Пока я действительно поняла, что это не сон, а Павел, он прошел мимо нас, засунув руки в карманы, не глядя, и скрылся в темноте.
Потом мне и в самом деле часто снилось, как медленно и жутко — то из вагона поезда, то из толпы людей — выходит Павел, идет мимо меня и я хочу его позвать, но голоса нет. Медленно расступаются переплетенные ветви палисадника, и на скамейке оказывается Павел. Разрывается завеса музыки в зале ДК, и в рухнувшей на мою голову тишине стоит Павел. Иду среди старых, разваленных, поросших мхом могил, а из-за одной из них выходит Павел. Тьфу-тьфу, он жив, слава Богу, оба мы живы, кто где, кто как.

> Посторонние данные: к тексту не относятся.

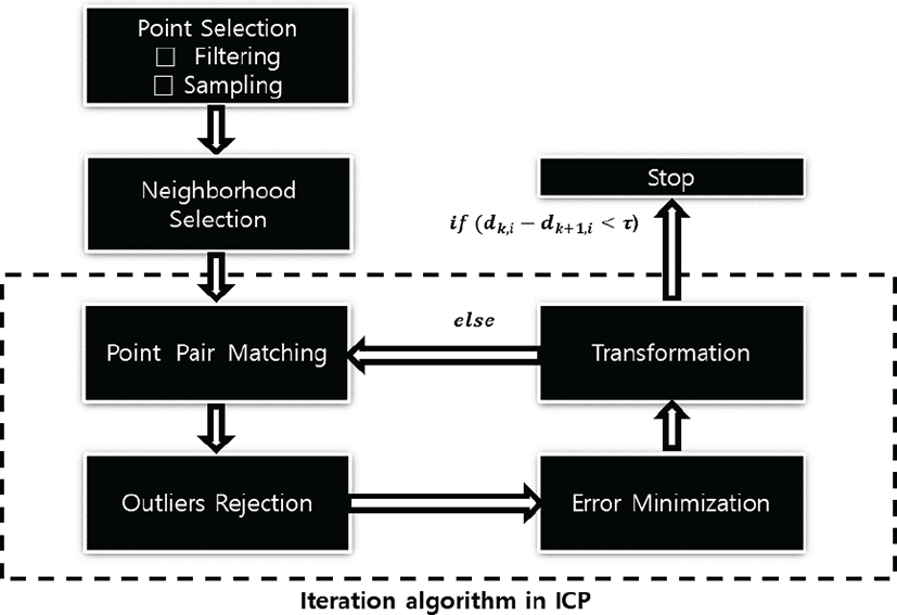 여기서 거리 오차가 일정한 한계치(tolerance, τ) 이하이면 진행을 멈주고 한계치 이상이라면 점쌍 매칭 (point pair matching) 단계로 되돌아가서 알고리즘을 다시 수행한다.
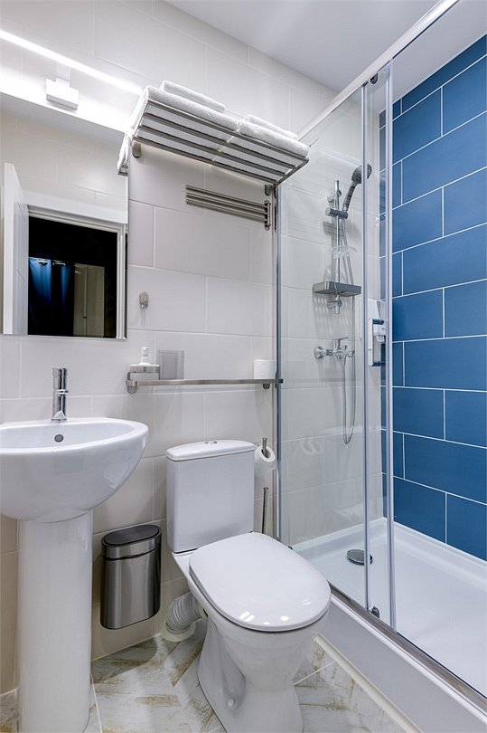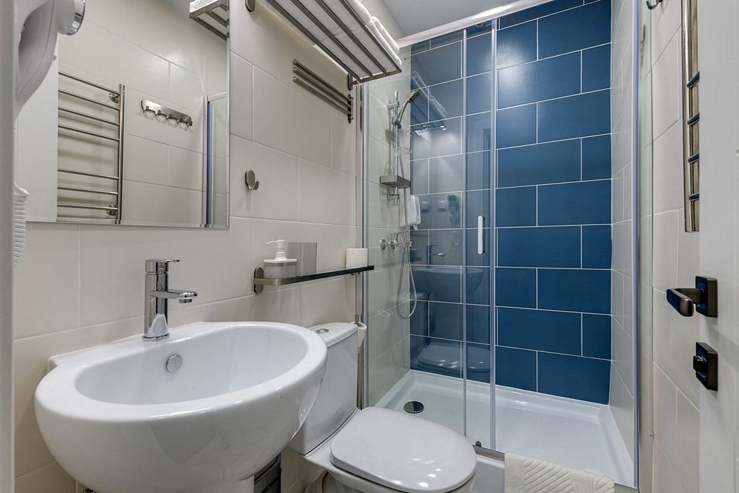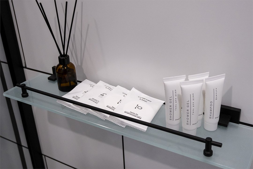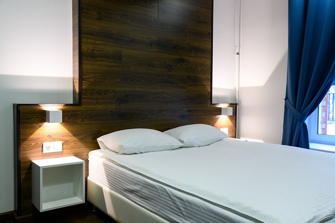 * площадь номера - 18 кв.м. * двуспальная кровать 160*200 * дополнительные места (двуспальный диван) - по запросу * белоснежное постельное белье и комплекты полотенец * Wi-Fi, телевизор, кондиционер, мини-холодильник, фен * шкаф, стол и стулья * ванная комната с душем * косметические средства и тапочки * халаты - по запросу * вода бутилированная, чай/кофе * ежедневная уборка номера На этаже есть кухня, кулер, гладильная доска, утюг и стиральная машина.Услуги и удобства

Раздавленная каменной плитой, я стояла, а Геннадий все еще обнимал меня. Через его плечо я смотрела в темноту, куда ушел Павел. Геннадий, понятно, тут ни при чем, но его бы я ни за что не вернула в этот город и даже в его собственную жизнь — пусть бы он родился на сто лет позже или раньше меня, хотя я знаю, не случись этого сдвига в моей жизни, требовательная любовь Павла явилась бы для нас обоих тяжелым испытанием, ведь в чем-то важном мы были совсем разные, несмотря на наше внешнее сходство, которое нас обманывало. А по совести, так я должна быть благодарна Геннадию, ведь из-за него у меня есть повод думать, что на свете есть любовь и у меня была когда-то ее огромная возможность. Но, несмотря на то, что я это понимаю, Геннадия я бы не вернула в этот город, хоть он был здесь тогда и сейчас где-то есть, как я и Павел, — все мы где-то есть, живем, работаем, числимся, кто где, кто как, но в общем довольно сносно, как все.
Музыка
Вероника была худой, болезненной девочкой с таким странным выражением глаз, что про нее говорили: спит наяву. У нее было искривление позвоночника, и это обстоятельство вырвало ее из веселого круга товарищей и вынудило подружиться с совсем другими мальчиками и девочками, с которыми она лежала в больнице на вытяжении, заказывала корсеты в ортопедическом предприятии и консультировалась у врачей. Когда это обнаружилось, мать забрала ее из музыкальной школы. Вероникины новые товарищи по несчастью находились в разной стадии болезни: одна девочка была горбата — очень начитанная девочка, добрая душа, умница; другая наоборот — у нее был сколиоз только первой-второй степени, ерунда сущая, по мнению Вероники. Это была весьма благополучная девочка, хотя ее родители совершенно спали с лица от горя. Вероникина же третья степень, при которой обычно предлагали операцию, казалась им верхом бедствия. Вероника носила корсет и ортопедическую обувь, так как у нее одна ножка была короче другой, делала зарядку на шведской стенке, три месяца в году лежала в больнице на вытяжении и знала, что ей надо во что бы то ни стало продержаться в своей третьей степени аж до восемнадцати лет, пока кости не затвердеют и горб уже не вырастет. В то время у нее просто выступала лопатка, это было не так уж заметно непосвященным. Но до восемнадцати было еще плыть и плыть, пока ей было только пятнадцать, и летом ее отправили в санаторий, в Нальчик, на двадцать восемь дней набраться жизненных сил и отдохнуть.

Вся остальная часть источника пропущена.